Balasubramanian─whose research focuses on machine learning and computer vision─expects we will see a move towards more responsible, explainable, and trustworthy AI this year. In practical terms, this means more streamlining, formalizing, and evaluating of AI.
He anticipates there will be additional efforts to create AI models that address multiple tasks simultaneously. They could take the form of "Multimodal AI that brings together vision, language and speech technologies," Balasubramanian said, as well as more rapid AI development, prototyping and deployment through no-code/low-code AI, and greater success in transferring AI models from one domain/task to another.
Balasubramanian also raises AI accessibility as a pressing concern. "Most AI applications are targeted towards the first billion on the planet, be it developed nations or urban communities in other nations," he said, adding that additional efforts are needed "to highlight the needs of the 2nd and 3rd billion, and their needs may gradually gain importance."
According to Rus, while advances in automation and robotics have the potential to make people's lives easier, these technologies also can displace human workers. "We will also see focused efforts to anticipate and respond to the economic inequality this could create, in the form of advancements in intuitive interactions between humans and machines, with machines adapting to humans rather than the other way around."
Rus also expects the impact of AI breakthroughs to filter through to real-world scenarios and solutions, such as the development of new education programs aimed at young students and reskilling programs aimed at the current workforce.
Dieng is also thinking about the effects of building machines that ape human activity. She pointed out there has been a narrow focus within the AI community of "building models and algorithms to accomplish tasks as well as humans." This, she explained, reflects the pursuit of artificial general intelligence (AGI) and has led to the current trend for developing increasingly large models.
"I think this narrow focus on building models to imitate what humans can do is a challenge in the community, in that it constitutes a missed opportunity for applying AI to critical domains affecting us all."

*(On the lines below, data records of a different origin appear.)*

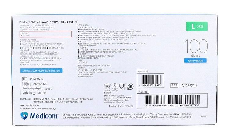 プロケア ニトリルグローブ ブルー Lサイズ 100枚入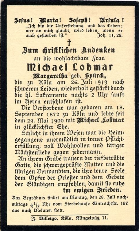 Schweres Leiden; ∞ 29.5.1900 Michael Lohmar |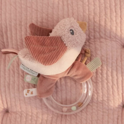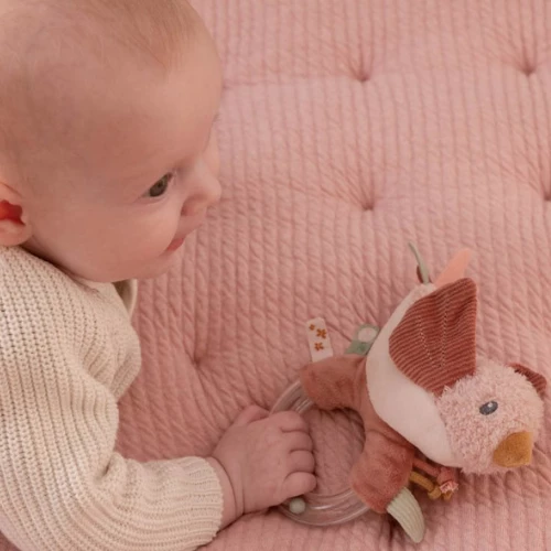 Grasp, spin and shake! This bird-shaped rattle ring is a fun toy that will trigger your baby’s curiosity. Flap her pink corduroy wings or rub her soft tummy. The transparent ring contains 3 colourful little beads that start rattling when your baby plays with this fun toy. The rattle ring enhances hand-eye coordination and stimulates the senses.

However, Dieng is optimistic about the future, "Fortunately, there are researchers working at the intersection of AI and those domains and I am hoping they will receive a lot of funding support and that their work will receive more attention."
That 2022 will see technological advances in data science, machine learning, computer vision, and other technologies is inevitable. However, as AI becomes embedded in society and more directly impacts peoples' lives, future trends look set to be increasingly driven by the consequences of such a seismic shift.
Karen Emslie is a location-independent freelance journalist and essayist.